Messerstecher getötet

Streifenwagen und Beamte vor dem Polizeipräsidium in Oberhausen. Bild: dpa

In Oberhausen zückt auf dem Polizeipräsidium ein Mann ein Messer, sticht auf einen anderen ein und attackiert Polizisten. Einer der Beamten zieht die Waffe und schießt.

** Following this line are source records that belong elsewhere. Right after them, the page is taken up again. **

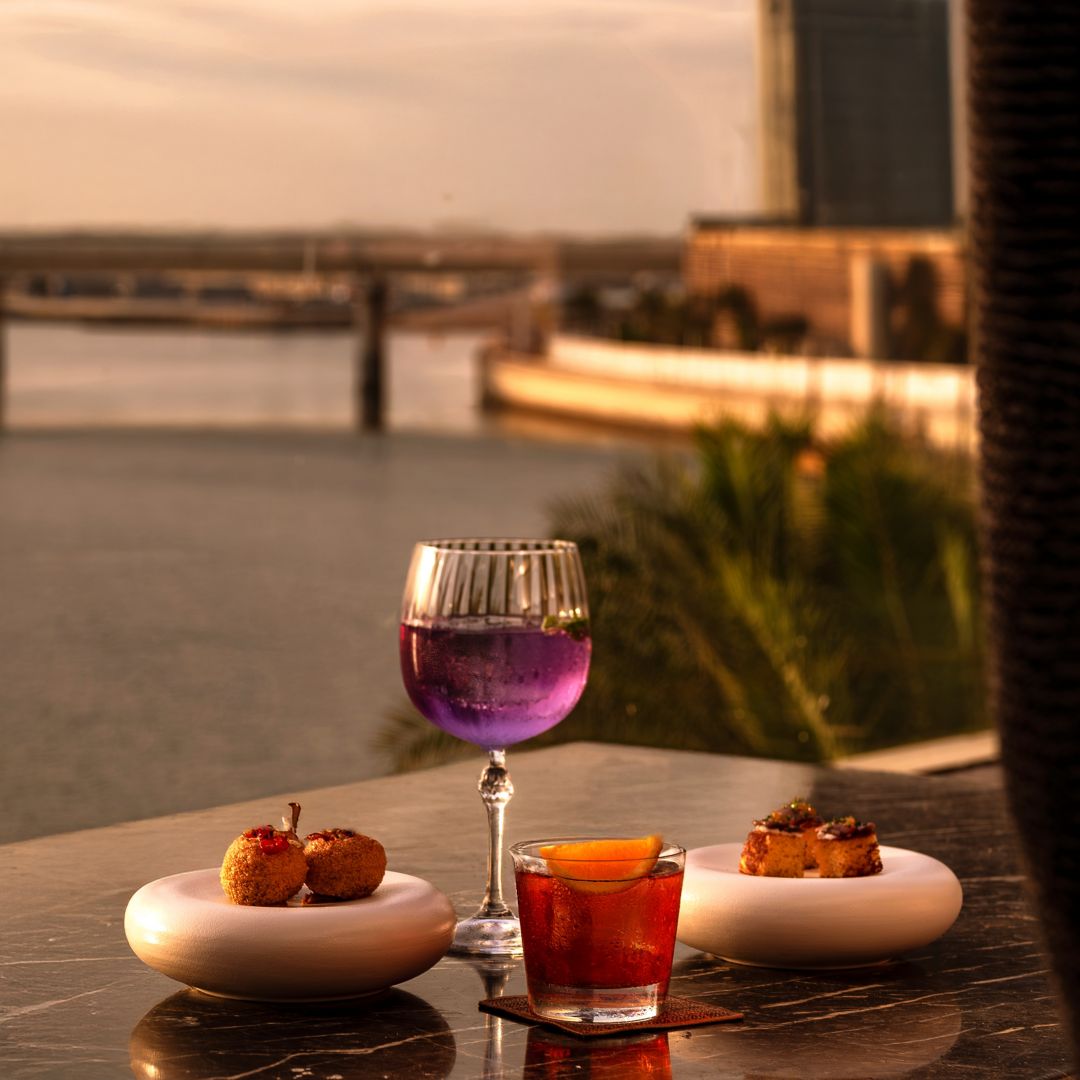 Unwind at the Hidden Bar with breathtaking sunset views and tranquil waterfront vibes. Enjoy two beverages from our sundowner selection, paired with a canapé ritual of refined, cutlery-free tapas — perfectly crafted for a relaxed evening escape.
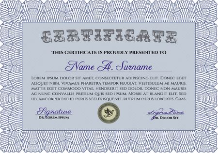 Diploma template. With background. Border, frame. Excellent design. Blue color.
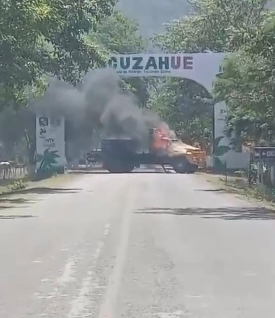 Plagian persona en Tecomán, queman camiones, desatan balaceras, llegan hasta Coahuayana y arrojan granadas
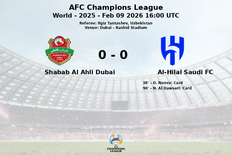 Shabab Al Ahli Dubai vs Al-Hilal Saudi FC Feb 09 2026 16:00 UTC
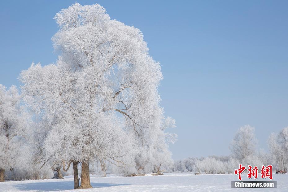2月27日,受一股冷空气的影响,位于新疆生产建设兵团第十师北屯市境内的额尔齐斯河流域出现唯美雾凇景观,周围的植被经雾凇装点过后,如梦如幻,晶莹剔透的树枝在风中摇曳着优美的身姿,恍如冰雪童话世界。陈洋 摄

Der Mann sei mit einem Messer bewaffnet gewesen, er habe zunächst einen anderen Mann verletzt und danach die Polizisten bedroht, sagte ein Sprecher der Polizei Essen. Gegen 3 Uhr hatte der 39-Jährige in einem Vorraum des Präsidiums im Streit auf einen anderen Mann eingestochen, wie die Polizei mitteilte. Beamte hätten ihn daraufhin mehrfach aufgefordert, das Messer niederzulegen. Als er dem nicht nachgekommen sei, habe ein Polizist mehrere Schüsse abgefeuert und den 39-Jährigen getötet.

Staatsanwaltschaft prüft

Das 21-jährige Opfer der ersten Messerattacke wurde verletzt. Es bestehe aber keine Lebensgefahr, sagte der Sprecher. Er war mit seiner Freundin auf dem Präsidium. Ob das Pärchen den 39-Jährigen kannte und wie es zu dem Streit kam, war unklar. Auch müsse noch geklärt werden, ob der Polizist vor den tödlichen Schüssen einen Warnschuss abgegeben hat. Polizisten dürfen nach Angaben des Innenministeriums aus zwei Gründen schießen: aus Notwehr oder aus Nothilfe für andere. Nach einem Vorfall prüft standardmäßig die Staatsanwaltschaft, ob der Schusswaffengebrauch rechtmäßig war.

Die Gewerkschaft der Polizei (GdP) zeigte nach dem bisherigen Stand der Ermittlungen Verständnis für die Reaktion des Beamten: "Den Kollegen wird im Training beigebracht, nach einer erfolglosen Warnung zu schießen", sagte der GdP-Landesvorsitzende Arnold Plickert der dpa. Einen Warnschuss oder einen Schuss zum Beispiel in die Beine müsse ein Polizist nur abgeben, wenn ihm ausreichend Zeit dafür bleibe.

"Jeder mit Messer"

Die Schüsse in Oberhausen seien auch ein Zeichen eines gesellschaftlichen Problems, sagte der GdP-Vorsitzende weiter. "Heutzutage scheint jeder mit einem Messer durch die Gegend zu laufen." Der jüngste Fall weckt Erinnerungen an einen angeschossenen Flüchtling in Bonn: Der 23-Jährige hatte am Samstag in einem Flüchtlingsheim einen Landsmann mit einem Messer verletzt. Wenig später soll der Mann aus dem Fenster mit zwei Messern auf Polizisten losgegangen sein. Dabei wurde er angeschossen und verletzt.